海潮音(20) 上田敏

今日は上田敏の海潮音その(20)を公開します。縦書き表示で全文読めますよ。
 
 
海潮音は、今回で完結です。今回は、マラルメの詩がきわだって良かったです。
 
 
作中に「おもいすずろぐ」と書いていて、これがどういう意味か検索サイトで調べていたら古語辞典に、こういう文章を見つけました。かっこ良いので引用してみます。
 
  
[出典]紫式部日記 消息文
えんになりぬる人は、いとすごうすずろなるをりも、もののあはれにすすみ」

[訳] 情趣本位が身についてしまった人は、
   ひどく殺風景でなんということのないときも、
   しみじみとした情趣をもとめ。

(学研全訳古語辞典より)
 
 
「すずろ心」って、こんな意味なんです。現代語では「気もそぞろ」というような文字で残っている言葉です。
 
すずろごころ【漫ろ心】
そわそわと落ち着かない心。

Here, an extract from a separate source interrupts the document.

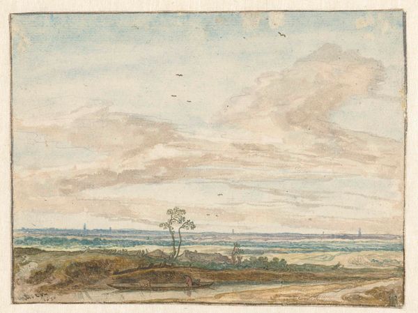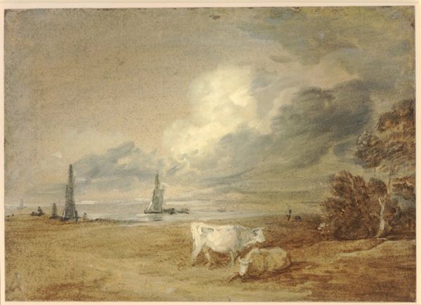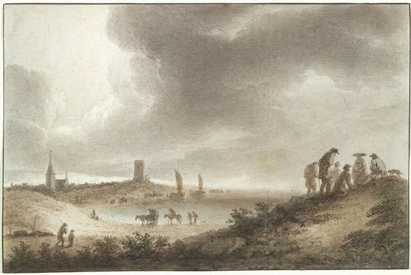 Editor: So this is Jurriaan Andriessen’s “De Baak, een badplaats aan het IJ,” or "The Beacon, a bathing place on the IJ", made in 1803 using watercolor. The colours are muted, the sky vast, and it really evokes a sense of everyday life by the water, with these figures wading in. What symbols or cultural touchstones stand out to you in this piece? Curator: The overcast sky dominates, almost pressing down on the scene. The grey is heavy, almost foreboding, while the people appear carefree. Note how the beacon, usually a symbol of guidance and safety, seems diminutive. Consider how the presence of figures in a landscape – particularly nude ones in the tradition of Romanticism – is often intended to contrast raw, idealized humanity with sublime nature. Do these figures suggest harmony or perhaps vulnerability to the natural elements in this environment? Editor: That's an interesting way to put it. It's like they are dwarfed by the vastness. Does that have anything to do with the changing attitudes towards nature at the time? Curator: Precisely. As society changed, so did people's understanding of nature's symbolic meanings and emotional implications. As a site for cultural interaction, a landscape can suggest everything from freedom and leisure to an uneasy or ambivalent response to our changing environment. Notice also how the distant ships on the horizon speak to trade and travel – a silent but powerful visual element from that period. Editor: So the clouds and open water are not just aesthetic, but they're carrying some weight here. Thank you, I will definately keep these historical contexts in mind when observing artworks in the future. Curator: Indeed, a painting’s lasting value may be precisely that conversation it creates with people across generations, using visual shorthand to ask: Where do we locate ourselves within an environment and its collective symbols?

浮ついた心。
「いとよしなかりけるすずろ心にても、ことのほかにたがひぬるありさまなりかし」〈更級日記〉
(出典:デジタル大辞泉)
 
 
もしかすると上田敏は、紫式部日記や更級日記の文章をもばっちり暗記していて、マラルメの詩を翻訳するときに、「おもいすずろぐ」と書いたのかもなあ、だとすると、すさまじい暗記力だなあ……、と思いました。現代の日本語しか使えない僕の脳みそではぜったいできないやと思いました。
 
 
しかしそれにしても、紫式部とマラルメ。たった一文でも、すっごく印象深いです。
えんになりぬる人は、いとすごうすずろなるをりも、もののあはれにすすみ」
これとマラルメの詩が、忘れられない一文となりました。
 
 
マラルメは、こういう詩を書いています。

静かなるわがいもと、君見れば、おもひすゞろぐ。
朽葉色くちばいろ晩秋おそあきの夢深き君がひたひに、
天人てんにんひとみなす空色の君がまなこに、
憧るゝわが胸は、苔古こけふりし花苑はなぞのの奥、
淡白あはじろ吹上ふきあげの水のごと、空へ走りぬ。

続きは、本文をぜひどうぞ。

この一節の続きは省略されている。